> [Items from a dataset]:
-=-=-=-=-
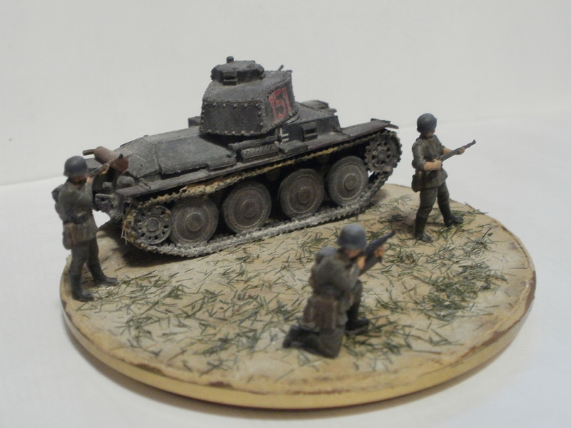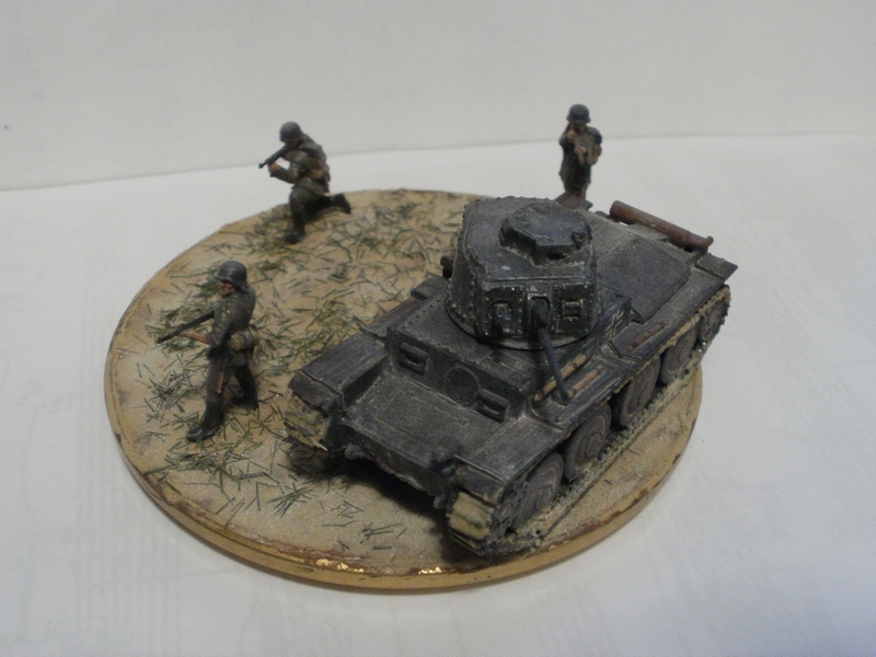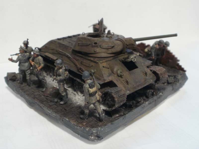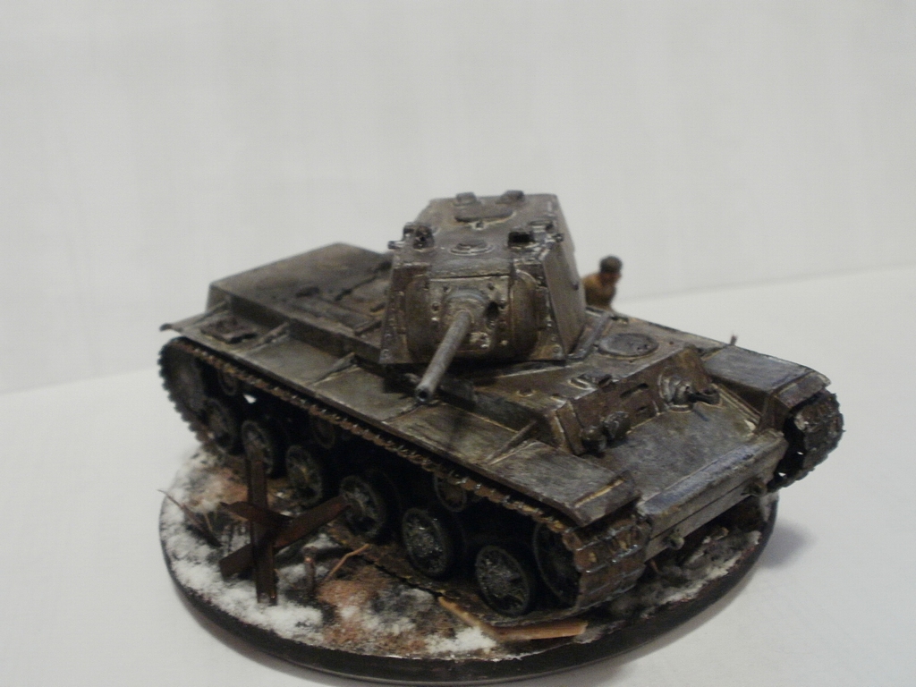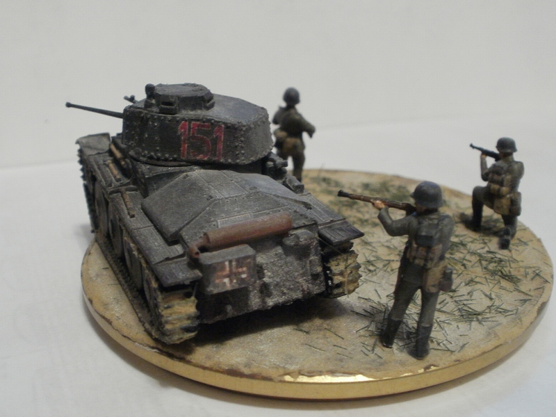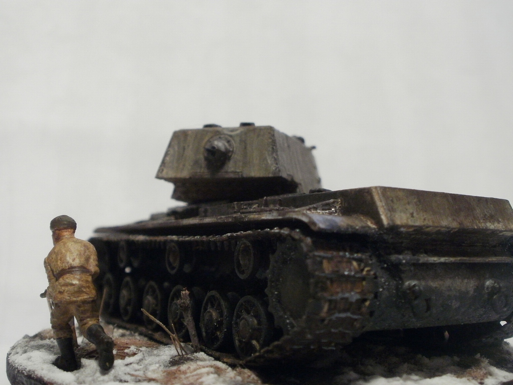 Денис Ашхацава Wrote:На мой взгляд фигурка бойца лишняя. Вроде и не противоречит по композиции, но какой-то он тут чужой. Танк на основании самодостаточен.
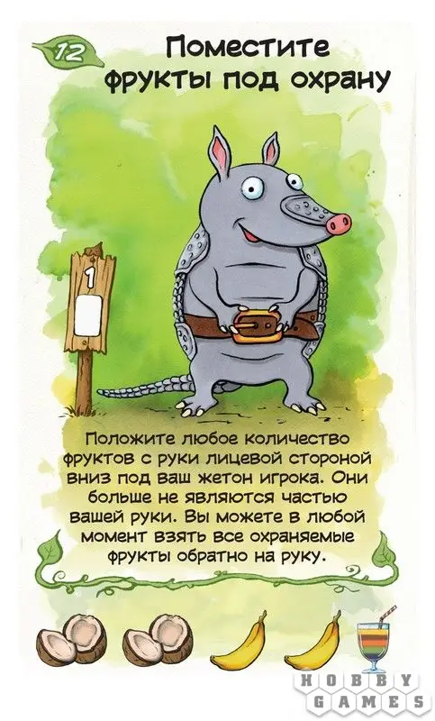 Игра "Фруктогонщики" особенная – набор действий, доступных игрокам, меняется со временем. С каждой партией вы будете открывать всё новые и новые действия, а исходные действия со временем станут недоступными, поэтому каждая последующая игра будет отличаться от предыдущей. Но все эти изменения обратимы: дойдя до конца колоды карт животных или завершив серию игр в любой другой момент, вы можете восстановить игру в исходном состоянии!
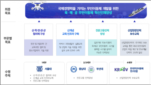 과학기술정보통신부는 육·해·공 무인이동체 혁신인재양성 사업 선정평가 결과, 주관대학으로 서울대학교, 지역거점대학으로 충남대학교·부산대학교, 참여대학으로 인하대학교 등 10개 대학과 한국무인이동체연구조합이 참여하는 컨소시엄이 최종 선정되어 사업을 본격 추진한다고 밝혔다.
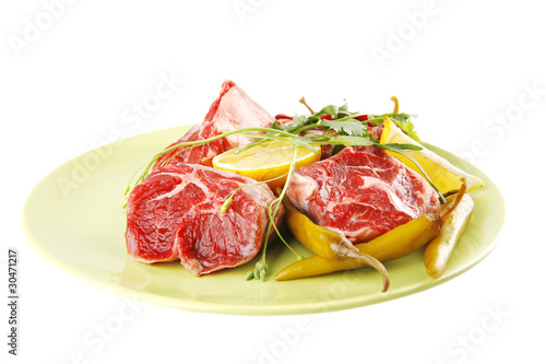 fresh beef medallion on green
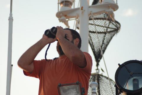 Para ello, un observador realizó estimas de las densidades (aves/km2) y abundancias relativas (aves/km) de aves marinas, siguiendo la metodología de censo estandarizada propuesta por Tasker et al. (1985) y adaptada por SEO/BirdLife (2007) a la zona de estudio y a los transectos lineales establecidos en el protocolo de trabajo de la campaña. Dicha metodología consiste en contabilizar las aves observadas en una franja imaginaria (generalmente 300 m) establecida a uno o dos lados del barco (en función de las condiciones de observación) al frente, a medida que éste avanza a una velocidad y dirección constante. Para las aves en vuelo se aplica una corrección basada en conteos instantáneos o snap-shots. Se realizaron censos coincidiendo con los reconocimientos batimétricos, los perfiles sísmicos y los perfiles de la velocidad del sonido en el agua, así como aprovechando las navegaciones realizadas entre el área de trabajo y los puertos de Santa Cruz de (Tenerife) y el Puerto de Los Mármoles (Lanzarote). No se realizaron observaciones sistemáticas de aves marinas cuando se trabajó con las dragas. Durante la realización de los censos por transectos también se registraron los datos de todos los cetáceos observados.
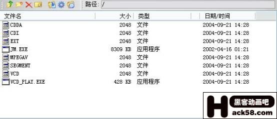 接下來選擇好路徑,幾分鐘后,該文件便被提取到我們指定的地方,我們也理所當(dāng)然的得到了MPEGAV里的DAT文件了——可是這招對(duì)普通加密光盤好用,對(duì)《GF》卻不知道為什么不起作用了。我可以把它制作成ISO文件,大小也沒有變,還是580兆,但是當(dāng)我再次打開這個(gè)鏡像文件時(shí),在右上邊的窗口顯示的卻是這幾個(gè)文件,如圖7所示。
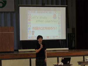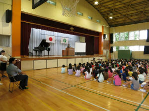 今日は、1学期の終業式がありました。校長先生の講話の後、JTEの福田先生から英語でクイズを交えながらお話をしていただきました。また、夏休みを迎えるにあたって気を付けることに関しては、豊野駐在所の富田さまからお話をいただきました。
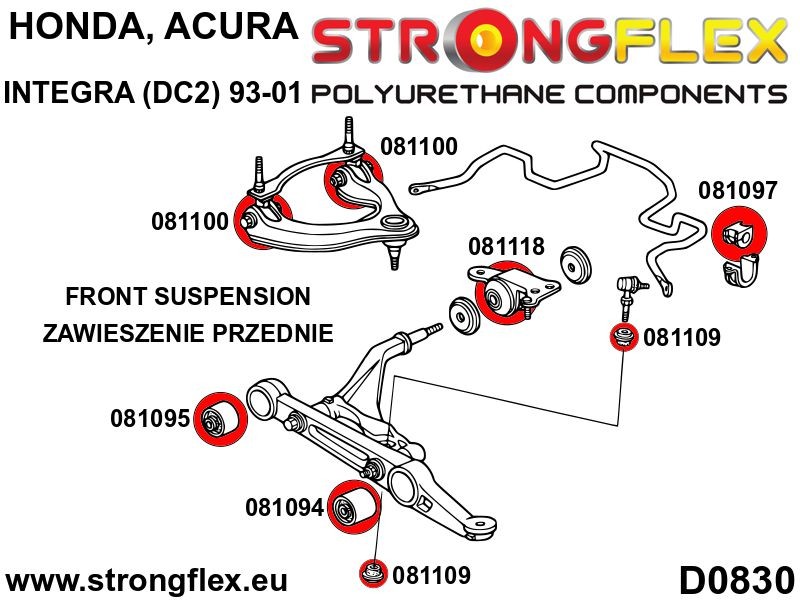 KIT DE CASQUILLO DE SUSPENSIÓN DELANTERA STRONGFLEX Fabricante: Honda Modelo-Año: Integra - Dc2 Type R 97-01 El tiempo de entrega del articulo puede ser de 7-15 dias dependiendo de la disponibilidad. Descripcion: Características principales de los productos:
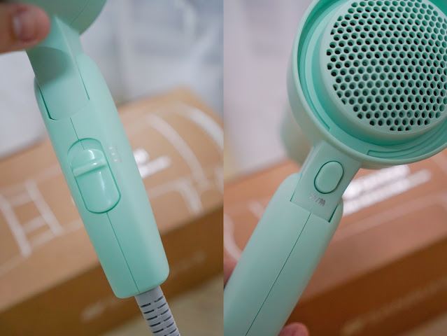 吹風機握柄中可上下調整兩段風力,後方還有冷熱風的控制,輕便好調整。
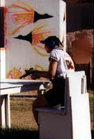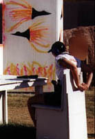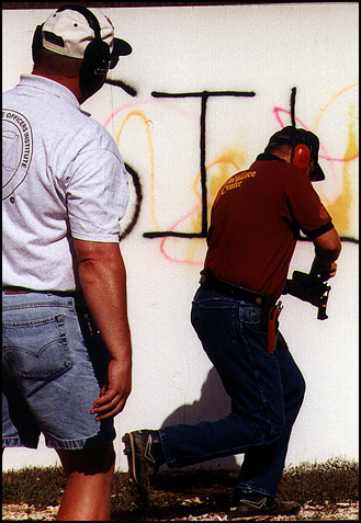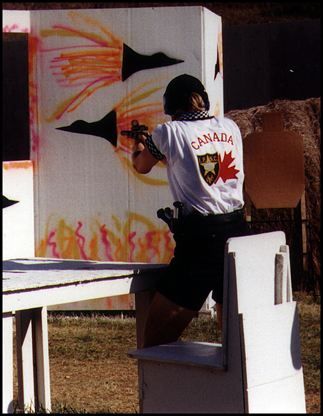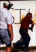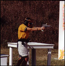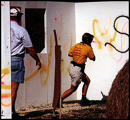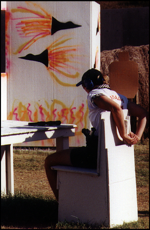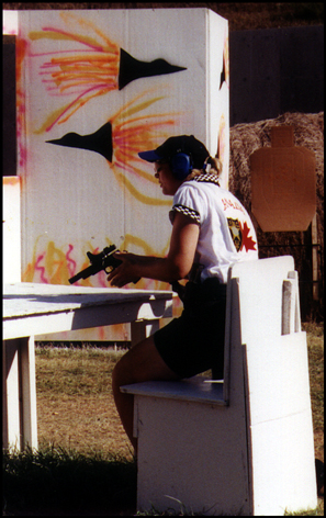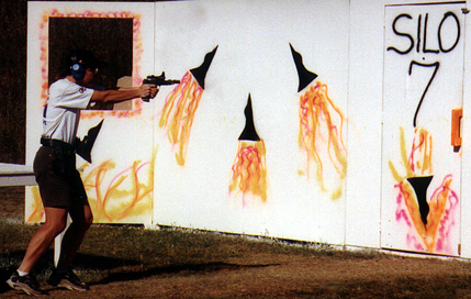 Jerry Miculek performs one of many reloads, and Sheila Brey engages the first
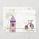 Broken homes postcard by artist John Allen. the house is colourful on the outside but underneath lies a bard wire with a back flower and empty tricycle.
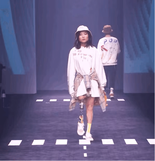 2021年10月,她踩着一条小钢腿在上海时装周T台上亮相,迎来观众的喝彩声。
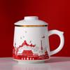 Chinese Style Ceramic Tea Cup with Lid, Filter, and Logo
-=-=-=-=-
> [Task objective]:
Give back every entry verbatim. No pictures belong in the copy.

> [Answer section]:
 Денис Ашхацава Wrote:На мой взгляд фигурка бойца лишняя. Вроде и не противоречит по композиции, но какой-то он тут чужой. Танк на основании самодостаточен.
 Игра "Фруктогонщики" особенная – набор действий, доступных игрокам, меняется со временем. С каждой партией вы будете открывать всё новые и новые действия, а исходные действия со временем станут недоступными, поэтому каждая последующая игра будет отличаться от предыдущей. Но все эти изменения обратимы: дойдя до конца колоды карт животных или завершив серию игр в любой другой момент, вы можете восстановить игру в исходном состоянии!
 과학기술정보통신부는 육·해·공 무인이동체 혁신인재양성 사업 선정평가 결과, 주관대학으로 서울대학교, 지역거점대학으로 충남대학교·부산대학교, 참여대학으로 인하대학교 등 10개 대학과 한국무인이동체연구조합이 참여하는 컨소시엄이 최종 선정되어 사업을 본격 추진한다고 밝혔다.
 fresh beef medallion on green
 Para ello, un observador realizó estimas de las densidades (aves/km2) y abundancias relativas (aves/km) de aves marinas, siguiendo la metodología de censo estandarizada propuesta por Tasker et al. (1985) y adaptada por SEO/BirdLife (2007) a la zona de estudio y a los transectos lineales establecidos en el protocolo de trabajo de la campaña. Dicha metodología consiste en contabilizar las aves observadas en una franja imaginaria (generalmente 300 m) establecida a uno o dos lados del barco (en función de las condiciones de observación) al frente, a medida que éste avanza a una velocidad y dirección constante. Para las aves en vuelo se aplica una corrección basada en conteos instantáneos o snap-shots. Se realizaron censos coincidiendo con los reconocimientos batimétricos, los perfiles sísmicos y los perfiles de la velocidad del sonido en el agua, así como aprovechando las navegaciones realizadas entre el área de trabajo y los puertos de Santa Cruz de (Tenerife) y el Puerto de Los Mármoles (Lanzarote). No se realizaron observaciones sistemáticas de aves marinas cuando se trabajó con las dragas. Durante la realización de los censos por transectos también se registraron los datos de todos los cetáceos observados.
 接下來選擇好路徑,幾分鐘后,該文件便被提取到我們指定的地方,我們也理所當(dāng)然的得到了MPEGAV里的DAT文件了——可是這招對(duì)普通加密光盤好用,對(duì)《GF》卻不知道為什么不起作用了。我可以把它制作成ISO文件,大小也沒有變,還是580兆,但是當(dāng)我再次打開這個(gè)鏡像文件時(shí),在右上邊的窗口顯示的卻是這幾個(gè)文件,如圖7所示。
 今日は、1学期の終業式がありました。校長先生の講話の後、JTEの福田先生から英語でクイズを交えながらお話をしていただきました。また、夏休みを迎えるにあたって気を付けることに関しては、豊野駐在所の富田さまからお話をいただきました。
 KIT DE CASQUILLO DE SUSPENSIÓN DELANTERA STRONGFLEX Fabricante: Honda Modelo-Año: Integra - Dc2 Type R 97-01 El tiempo de entrega del articulo puede ser de 7-15 dias dependiendo de la disponibilidad. Descripcion: Características principales de los productos:
 吹風機握柄中可上下調整兩段風力,後方還有冷熱風的控制,輕便好調整。
 Jerry Miculek performs one of many reloads, and Sheila Brey engages the first
 Broken homes postcard by artist John Allen. the house is colourful on the outside but underneath lies a bard wire with a back flower and empty tricycle.
 2021年10月,她踩着一条小钢腿在上海时装周T台上亮相,迎来观众的喝彩声。
 Chinese Style Ceramic Tea Cup with Lid, Filter, and Logo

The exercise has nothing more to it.